The last expression \[\scriptsize \exp \left\{ - \frac{1}{2W C_0} \left((t C_0 +W)\theta^2 - 2(t C_0 \bar{y} + W m_0 )\theta \right) \right\}\] is proportional to \[\scriptsize \exp \left\{ - \frac{1}{2 W C_t}(\theta - m_t)^2 \right\}\] where \(m_t = \frac{tC_0 \bar{y} + W m_0}{tC_0 +W}, C_t = \frac{W C_0}{tC_0 +W}\).
This can be written as a recursive form \[\scriptsize m_t = m_{t-1} + \frac{C_{t-1}}{C_{t-1} +W}(y_t - m_{t-1}), C_t =\left(\frac{1}{W}+\frac{1}{C_{t-1}}\right)^{-1}\]

Kalman Filter

The general procedure is summarized as follows:

Posteriror at \(t-1\): \((\theta_{t-1} | \mathbf{y}_{1:(t-1)} ) \sim \mathcal{N}(m_{t-1},C_{t-1})\)
Prior at \(t\): \((\theta_{t} | \mathbf{y}_{1:t-1} ) \sim \mathcal{N}(m_{t-1},R_{t})\)
Marginal likelihood: \((y_{t} | \mathbf{y}_{1:(t-1)} ) \sim \mathcal{N}(m_{t-1},Q_{t})\)
Posteriro at \(t\): \((\theta_{t} | \mathbf{y}_{1:t} ) \sim \mathcal{N}(m_{t},C_{t})\)
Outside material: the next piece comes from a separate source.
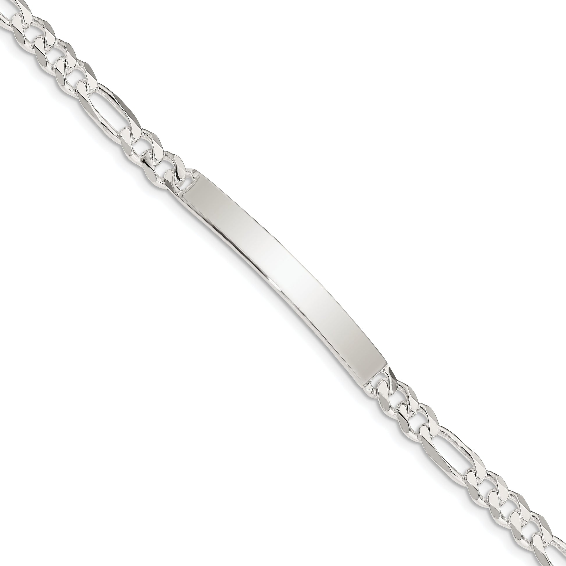 Meet the 7 Inch Sterling Silver Figaro Link ID Bracelet, a stunning piece for the modern woman. Crafted from high-quality 925 sterling silver, this bracelet boasts a polished shine that captivates the eye. At 7 inches, it's designed for optimum comfort and style, fitting snugly on the wrist. The Figaro link adds a touch of sophistication with its unique chain width of 5 mm. This bracelet is not just a beauty but engravable, making it a personal keepsake. Fitted with a lobster clasp, it stays securely in place all day. The 7 Inch Sterling Silver Figaro Link ID Bracelet is an essential addition to any jewelry collection.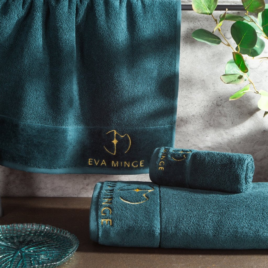Barevně sladěné ručníky se sametovým okrajem a vyšitým logem Eva Minge podtrhnou jedinečný styl vaší koupelny. Mimořádně měkká a nadýchaná froté bavlna s vysokou gramáží zajišťuje šetrné osušení těla po koupeli. Sada tří ručníků z kolekce EVA MINGE, zabalená v elegantní kartonové krabici, je ideálním nápadem na originální a praktický dárek. Darujte jedinečný dárek - vyberte si ručníky nejvyšší kvality z přírodní a k pokožce šetrné froté bavlny. 3 kusy ručníků o rozměrech: 70x140 cm - 1 kus, 50x90 cm - 1 kus, 30x50 cm - 1 kus, barva: tmavě zelená, hmotnost: 550 GSM, složení: 100% bavlna.Doplňkové parametry

where \(R_t = G_t C_{t-1} G_t^{T} + W_t\), \(Q_t = F^T_t R_t F_t + V_t\).

Code

y = y; R1 = 1; theta  = rep(0,n); R  = rep(0,n);
m = rep(0,n);  C = rep(0,n); 
# time t=1
theta[1] = 0; R[1] = 10; Q = R[1]+V
A = R[1]/Q;  m[1] = theta[1]+A*(y[1]-theta[1]); C[1] = R[1]-Q*A^2
# Filtering
for (t in 2:n){
    theta[t] = m[t-1];    R[t] = C[t-1] + W
    Q = R[t]+V; A = R[t]/Q
    m[t] = (1- A)*m[t-1] +A*y[t]; C[t] = A*V
}

Code

ts.plot(dropFirst(filter$m), col="black"); lines(m, lty=3)

Forecast

Predictions start from the posterior estimate of the state, obtained from the Kalman filter, on the time \(t\) on which the forecast is made.
One-step-ahead forecasts follows: \[ \mathbb{E}[y_{t+1} | \mathbf{y}_{1:t}] = F^{T}_{t+1} m_{t+1} \\ \mbox{Var}[y_{t+1} | \mathbf{y_{1:t}}] = F^{T}_{t+1}R_{t+1}F_{t+1} + V_{t+1} = Q_{t+1}\\ y_{t+1} \sim \mathcal{N}(\mathbb{E}[y_{t+1} | \mathbf{y}_{1:t}],\mbox{Var}[y_{t+1} | \mathbf{y_{1:t}}]) \]
This recursive scheme can be extended to \(k\)-steps ahead forecast.

Forecast

mforecast = dlmForecast(filter, nAhead=1);
mforecast$f

##          [,1]
## [1,] 1.831276

mforecast$Q

## [[1]]
##      [,1]
## [1,] 12.5

Smoothing

One of the attractive features of state space models is that estimation and forecasting can be applied sequentially, as new data become available.
However, when we obtain the observations up to time \(T\), we want to retrospectively reconstruct the behavior of the system.
In this case, one can use a backward-recursive algorithm to compute the conditional distributions of \(\theta_t\) given \(\mathbf{y}_{1:T}\), for any \(t < T\), starting from the filtering distribution \(p(\theta_T|\mathbf{y}_{1:T})\) and estimating backward all the states’ history.

Smoothing

The smoothing scheme is to look back to the system: retain the essential information and dump the unnecessary information.
For one step back, the procedure follows: \[p(\theta_{t-1}|\mathbf{y}_{1:t}) = \int p(\theta_{t-1} | \theta_t, \mathbf{y}_{1:t}) p(\theta_t | \mathbf{y}_{1:t}) d \theta_t\]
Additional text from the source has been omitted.